As horrible as Purdue was, they convinced a ton of doctors that pain was real and deserved treatment. They did this the absolute wrong way, and used bad science to do it. But a lot of doctors were swayed by the sales pitch and PYT drug reps flirting and flattering, and people got pain management. (Not always good quality if they were getting OxyContin, but still.) then the war on drugs backfired and now pain patients are being punished, but still.
There is zero medical benefit to doing this with weight loss. And ultimately, I doubt the government is ever going to intervene and say that fat people deserve evidence based medicine, and ban these terrible drugs and surgeries.
That would be amazing if it happened though. Someday long after we are all gone, historians will look back on this time and be utterly horrified by the things the medical industry used to do to fat people.

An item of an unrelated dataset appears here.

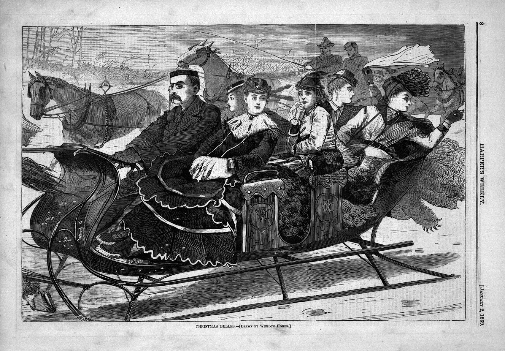 This image was not specifically related to a text except for a passing mention in the New Year’s editorial expressing the hope that “Jack Frost” would “return by Twelfth Night, and the ‘Christmas Belles’ shall yet skim the moonlit snow to the dance and the yellow glass of mulled wine.” Here a friendly race seems to take place. Speed is implied by the way that Homer has excluded the horse except for a telltale hoof and the tip of the tail, suggesting that the sleigh will soon disappear from sight as well. The two women seated in the back of the sleigh hold their scarves on high in a gesture of triumph as they gain ground against their competitors.
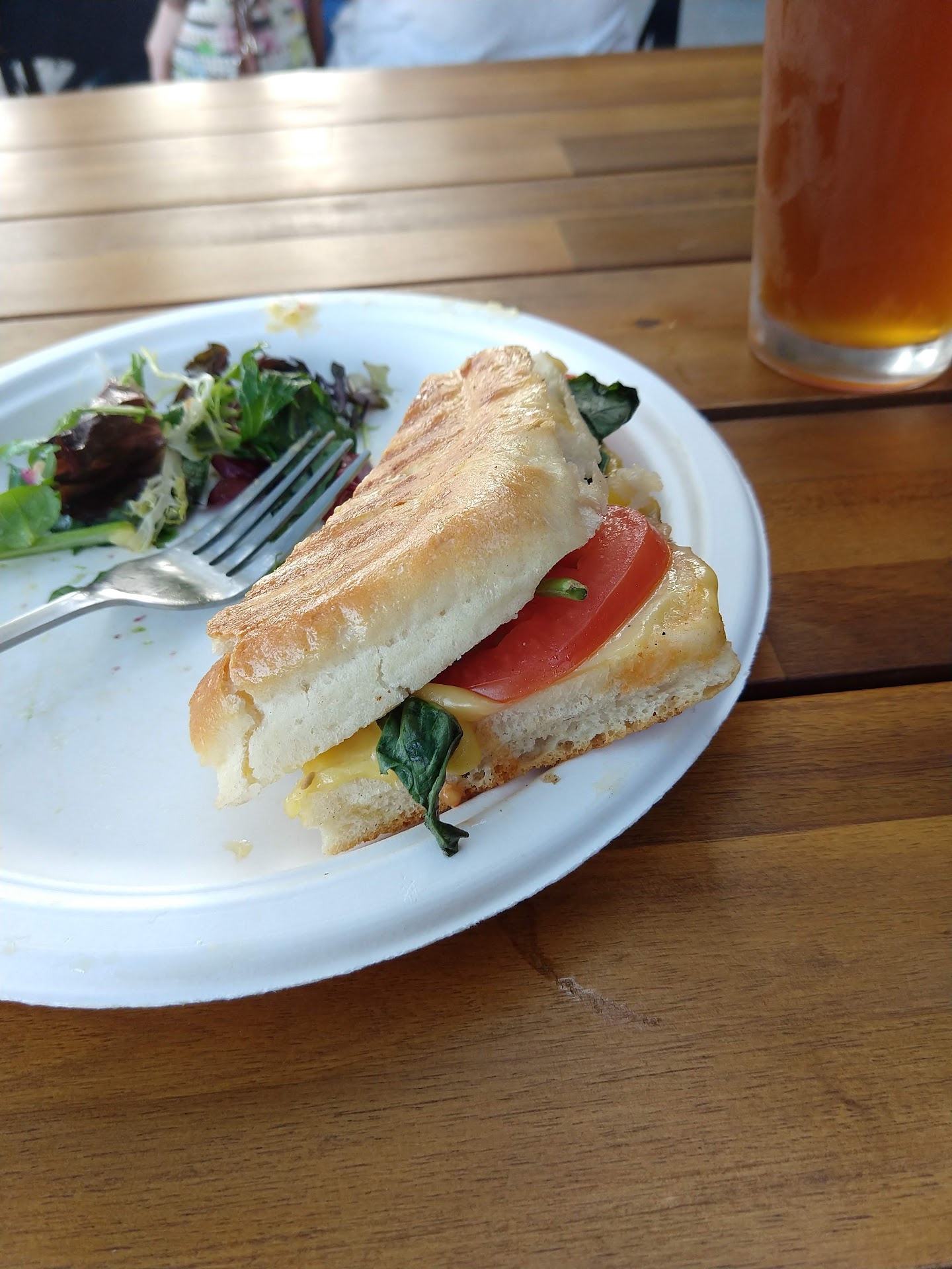 Went there on a Saturday date night with the hubby. This place had a LOT of people there but it honestly didn't feel too crowded thanks to the layout. This was my first time trying their brews and I thought they were pretty refreshing; definitely tasted fresh and the IPA was perfectly balaned with hoppy and a bit of sweet. We ordered two grilled cheese sandwiches and I was so happy to learn they actually had GOOD vegan cheese!!! When I saw the menu I honestly thought they would take the common resteraunt way of saying "vegan options" meaning I would get grilled bredad with tomatoes, but they surprised me with some tasty fake gooey goodnedss!! Photo below, forgot to take one until half way through the sandwich and salad, so know that you do get more for your money!! The bread was very tasty too, and outdoor seating with the firepit was nice. All around good date night, and I am planning to go back for an afternoon pint sometime...

Another stupid question, but am I wrong to have a suspicion that the CDC could decide to further restrict the BMI categories, as they did in 1998? Redefine even more people medically obese? Or possibly redefine “overweight” as “pre-obesity”, as they defined “pre-diabetes “?
I’m suspicious because of they way this guideline targets people of Asian decent for no medical or scientific reason, redefining their health risks at separate BMI category.
Maybe you can tell, this stuff really makes me both very upset and heartbroken!